As many Florida residents may know, setting up an estate plan may be way for an individual to direct asset allocation after they die. With changes in estate tax limits, individuals are able to create an estate plan that is broader, incorporates beneficiaries who are not family members and charities that are important during the grantor’s life.
In the past, an estate plan was grounded in the way an individual might bequeath assets without beneficiaries incurring huge estate taxes. The asset limit on estate taxes has changed, making the allocation of assets during estate planning open to diversification, allowing the process of choosing how assets are dispersed to evolve.
For example, typically, family members are often the recipients of the grantor’s assets. However, there are situations where other individuals, such as an unmarried partner or an aide, are an important part of the grantor’s life. In that case, the grantor may wish to leave a portion of the estate to that person.
Some individuals are involved with specific charities or organizations during their lifetime. Making such groups a beneficiary of a portion of one’s estate goes beyond the traditional idea that one’s beneficiaries are limited. In addition, some individuals do not have close family members or none at all, and bequeathing one’s assets to a charity or organization might help the organization during times of limited funding.

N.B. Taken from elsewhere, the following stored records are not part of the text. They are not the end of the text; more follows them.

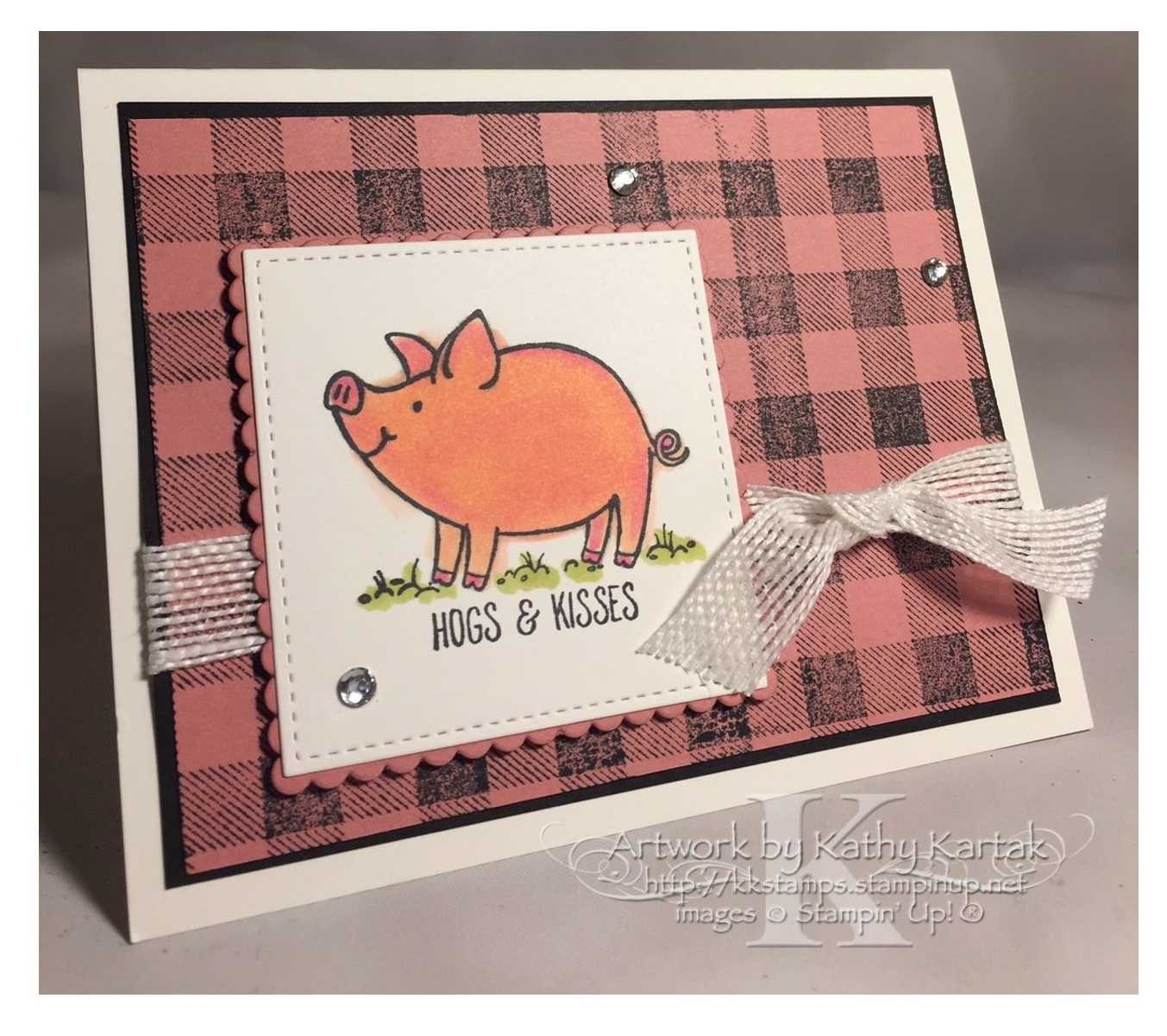 I cut out the pig with a square Stitched Shape Die and adhered it to a scalloped Rococo Rose Card Stock mat that I cut with one of the Layering Squares Dies. I adhered this piece to the card with Stampin’ Dimensionals.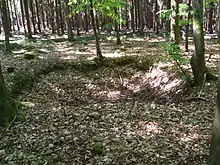 The Hürtgen Forest was dense with trees on many steep ridges falling off into narrow valleys. The dense woods and soggy ground made tank support of the infantry difficult and in some places impossible. The Germans placed log-covered bunkers, minefields and barbed wire throughout the forest. They could use the few good roads for supply while the Americans had to cross muddy, unpaved ground, made worse by rain in early November.[113] CT 16 and CT 26 were assigned to capture the high ground on either side of Wehe Creek in order to secure a road through the valley.[114] CT 26's first objective was the capture of four hills around a castle named Laufenburg about halfway from Schevenhütte to Langerwehe on the eastern edge of the forest.[114]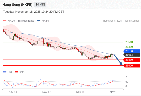 香港恒生指数期货 当日内: 短期关键阻力位在26180。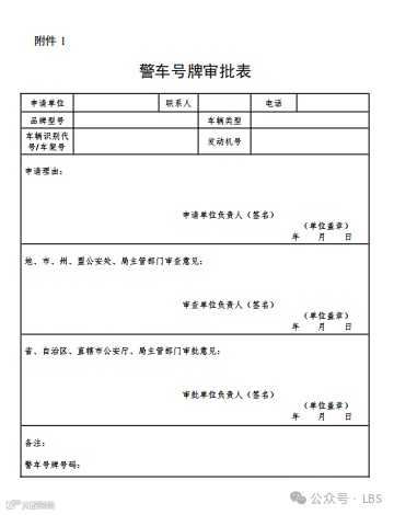 附件1:警车号牌审批表

Estate planning may be a way for individuals to decide where assets that are accumulated during life will be placed after their passing. However, structuring an estate plan that accomplishes this while keeping in mind the broader choices of beneficiaries that might be available may be a complicated endeavor. An attorney may be able to help provide the tools to accomplish one’s planning goals and help in revisiting an estate plan as the grantor’s interests and life events change.